VTB, Russia's No. 2 bank, set out plans for a 100 billion ruble ($3.3 billion) share sale in Moscow, that could signal a desire to secure sources of funding if talks with sovereign wealth funds come to nothing.

VTB needs to raise its capital buffer to meet tighter regulatory requirements and give it freedom to make more loans to Russian consumers and businesses.

The long-planned share sale will take place via the Moscow Exchange, VTB chief executive Andrei Kostin said Friday, as the state-owned bank heeds a government call to promote the local stock market.

The sale, which is also part of a privatization drive by Russia, could reduce the state's 75.5 percent holding in the bank by up to 25 percent.

Yet VTB faces a formidable task in completing the issue, which would be the largest-ever secondary share sale in Moscow.

The bank finds its path to international markets blocked by a wariness toward Russia among some overseas investors, while talks with sovereign wealth funds (SWFs), such as those based in the oil-rich Middle East, on a direct stake sale have so far proved inconclusive.

Three people with direct knowledge of the matter said in February that Qatar's sovereign wealth fund had hired UBS to advise it on a possible $3 billion investment in VTB.

Kostin declined to comment on whether any SWFs, including Qatar's, would support the share issue as anchor investors. But he said the bank was setting an example for other Russian and former-Soviet Union-based companies to follow.

"Bank VTB … plans a wide-scale placement worth tens of billions of rubles. I think that our example will help other companies from Russia and [the Commonwealth of Independent States] to place here [in Moscow]," he told a conference.

VTB's tier-1 equity ratio stood at 9.3 percent in September, regarded by some analysts as relatively low given that bigger state rival Sberbank's is over 10 percent — constraining its capacity to write new loans and prompting the need for the share sale.

First Deputy Prime Minister Igor Shuvalov told reporters in St. Petersburg that the sale could be done by fall once all investors were on board.

"We will do [the additional share placement] when we have a full pocket of investors. … We think it would be around 100 billion rubles," Shuvalov said. "We don't want do to it in parts. In principle, we can do it by autumn."
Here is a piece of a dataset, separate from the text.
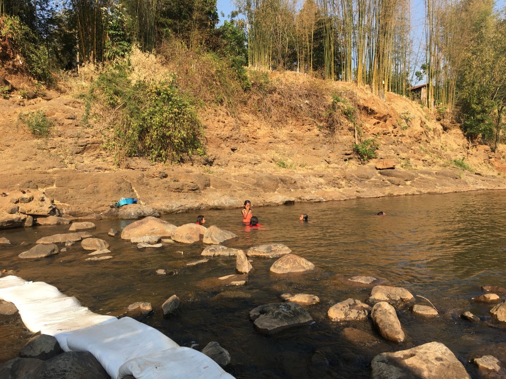 Laurent : « Il n’y a vraiment pas beaucoup d’eau… » Phonesavanh : « Oui, il faudra revenir à la saison des pluies… »

Asked whether talks with Qatar had failed, Shuvalov said: "We work with all potential investors who show interest in the bank."

Sources close to the matter said VTB had approached investment banks to arrange the offering but had not awarded any mandates.

The Russian state has compensated small-time investors who lost money on the flotation, but institutions have not received such favorable treatment and VTB is rated below Sberbank on many common measures.

The bank trades at a price-to-book value of about 0.9 times versus Sberbank at 1.4 times, according to brokerage Aton.

VTB also lags its rival on metrics such as return on equity, where Sberbank achieved 23.8 percent in the third quarter while VTB delivered 16.2 percent, and in terms of their cost-to-income ratio, where Sberbank's stood at 47.3 percent against VTB's 49.4 percent.

VTB's mistakes such as its value-destructive acquisition of Bank of Moscow in 2011 have also damaged it in some investors' eyes.